Das Wichtigste in Kürze
1. Achtung Frist: Eine Erbausschlagung muss innerhalb von 6 Wochen erfolgen, nachdem man vom Erbfall und seiner Stellung als Erbe erfahren hat (im Ausland: 6 Monate).
2. Formvorschrift beachten: Die Ausschlagung muss notariell beurkundet oder beim Nachlassgericht zur Niederschrift erklärt werden – ein einfacher Brief reicht nicht.
3. Folgen der Ausschlagung: Wer ausschlägt, wird so behandelt, als ob er nie Erbe geworden ist. Der nächste gesetzliche oder eingesetzte Erbe rückt automatisch nach.

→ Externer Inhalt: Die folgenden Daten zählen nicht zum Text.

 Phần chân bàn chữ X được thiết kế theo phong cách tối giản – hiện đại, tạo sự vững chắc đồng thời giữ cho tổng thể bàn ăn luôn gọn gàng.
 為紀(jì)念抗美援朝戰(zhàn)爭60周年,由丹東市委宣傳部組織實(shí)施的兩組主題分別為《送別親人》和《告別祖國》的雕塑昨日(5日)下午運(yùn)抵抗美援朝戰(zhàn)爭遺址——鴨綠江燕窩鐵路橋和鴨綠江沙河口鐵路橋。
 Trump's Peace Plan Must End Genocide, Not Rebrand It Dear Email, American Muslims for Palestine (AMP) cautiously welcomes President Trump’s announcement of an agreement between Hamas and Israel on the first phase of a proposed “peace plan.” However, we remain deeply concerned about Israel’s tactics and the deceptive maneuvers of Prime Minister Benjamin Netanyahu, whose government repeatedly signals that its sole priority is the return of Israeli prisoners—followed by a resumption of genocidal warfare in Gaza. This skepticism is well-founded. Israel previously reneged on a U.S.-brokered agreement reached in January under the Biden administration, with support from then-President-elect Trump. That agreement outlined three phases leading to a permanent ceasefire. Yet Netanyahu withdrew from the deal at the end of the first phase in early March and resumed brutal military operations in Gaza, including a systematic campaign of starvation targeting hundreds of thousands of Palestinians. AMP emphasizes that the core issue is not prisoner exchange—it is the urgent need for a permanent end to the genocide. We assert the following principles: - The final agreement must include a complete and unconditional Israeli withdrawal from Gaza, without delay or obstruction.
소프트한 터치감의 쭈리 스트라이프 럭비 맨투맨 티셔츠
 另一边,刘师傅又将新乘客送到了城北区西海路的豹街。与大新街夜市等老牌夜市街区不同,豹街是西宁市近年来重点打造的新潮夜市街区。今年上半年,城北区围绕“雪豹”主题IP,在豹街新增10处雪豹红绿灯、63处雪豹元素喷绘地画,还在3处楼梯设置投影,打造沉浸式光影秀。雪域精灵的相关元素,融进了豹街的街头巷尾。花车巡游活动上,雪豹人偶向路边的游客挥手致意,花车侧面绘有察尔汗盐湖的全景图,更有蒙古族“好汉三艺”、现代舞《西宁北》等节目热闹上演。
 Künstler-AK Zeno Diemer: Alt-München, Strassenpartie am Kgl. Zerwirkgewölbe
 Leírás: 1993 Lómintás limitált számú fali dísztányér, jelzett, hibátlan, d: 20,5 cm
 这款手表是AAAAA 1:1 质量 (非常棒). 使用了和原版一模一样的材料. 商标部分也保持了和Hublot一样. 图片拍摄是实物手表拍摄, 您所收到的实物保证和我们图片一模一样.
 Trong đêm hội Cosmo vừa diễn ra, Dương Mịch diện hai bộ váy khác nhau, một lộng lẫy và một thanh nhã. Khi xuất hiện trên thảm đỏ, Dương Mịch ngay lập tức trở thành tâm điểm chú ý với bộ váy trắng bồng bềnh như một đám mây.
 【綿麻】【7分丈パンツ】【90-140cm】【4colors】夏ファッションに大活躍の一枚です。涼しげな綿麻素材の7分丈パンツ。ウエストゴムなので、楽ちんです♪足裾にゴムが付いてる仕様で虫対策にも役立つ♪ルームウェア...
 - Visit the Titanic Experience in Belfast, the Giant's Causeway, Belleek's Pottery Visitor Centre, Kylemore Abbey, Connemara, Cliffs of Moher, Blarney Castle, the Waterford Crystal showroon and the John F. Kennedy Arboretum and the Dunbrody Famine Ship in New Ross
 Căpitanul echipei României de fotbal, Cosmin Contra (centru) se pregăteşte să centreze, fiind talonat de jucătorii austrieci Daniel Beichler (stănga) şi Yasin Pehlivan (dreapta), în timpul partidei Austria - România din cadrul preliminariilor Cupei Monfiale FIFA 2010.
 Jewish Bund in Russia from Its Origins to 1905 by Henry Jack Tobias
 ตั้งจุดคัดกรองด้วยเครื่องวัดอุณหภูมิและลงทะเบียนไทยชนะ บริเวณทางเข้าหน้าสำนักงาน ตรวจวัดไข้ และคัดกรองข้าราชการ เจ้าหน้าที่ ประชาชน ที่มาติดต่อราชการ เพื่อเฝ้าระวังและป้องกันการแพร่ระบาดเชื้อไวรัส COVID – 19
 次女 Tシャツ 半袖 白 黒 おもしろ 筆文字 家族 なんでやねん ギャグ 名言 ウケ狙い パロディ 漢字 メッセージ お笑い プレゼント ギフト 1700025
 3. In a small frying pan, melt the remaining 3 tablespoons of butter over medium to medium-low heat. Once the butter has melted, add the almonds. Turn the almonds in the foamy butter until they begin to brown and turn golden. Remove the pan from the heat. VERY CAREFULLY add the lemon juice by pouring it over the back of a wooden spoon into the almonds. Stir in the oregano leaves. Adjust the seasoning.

1. Achtung Frist: Eine Erbausschlagung muss innerhalb von 6 Wochen erfolgen, nachdem man vom Erbfall und seiner Stellung als Erbe erfahren hat (im Ausland: 6 Monate).
2. Formvorschrift beachten: Die Ausschlagung muss notariell beurkundet oder beim Nachlassgericht zur Niederschrift erklärt werden – ein einfacher Brief reicht nicht.
3. Folgen der Ausschlagung: Wer ausschlägt, wird so behandelt, als ob er nie Erbe geworden ist. Der nächste gesetzliche oder eingesetzte Erbe rückt automatisch nach.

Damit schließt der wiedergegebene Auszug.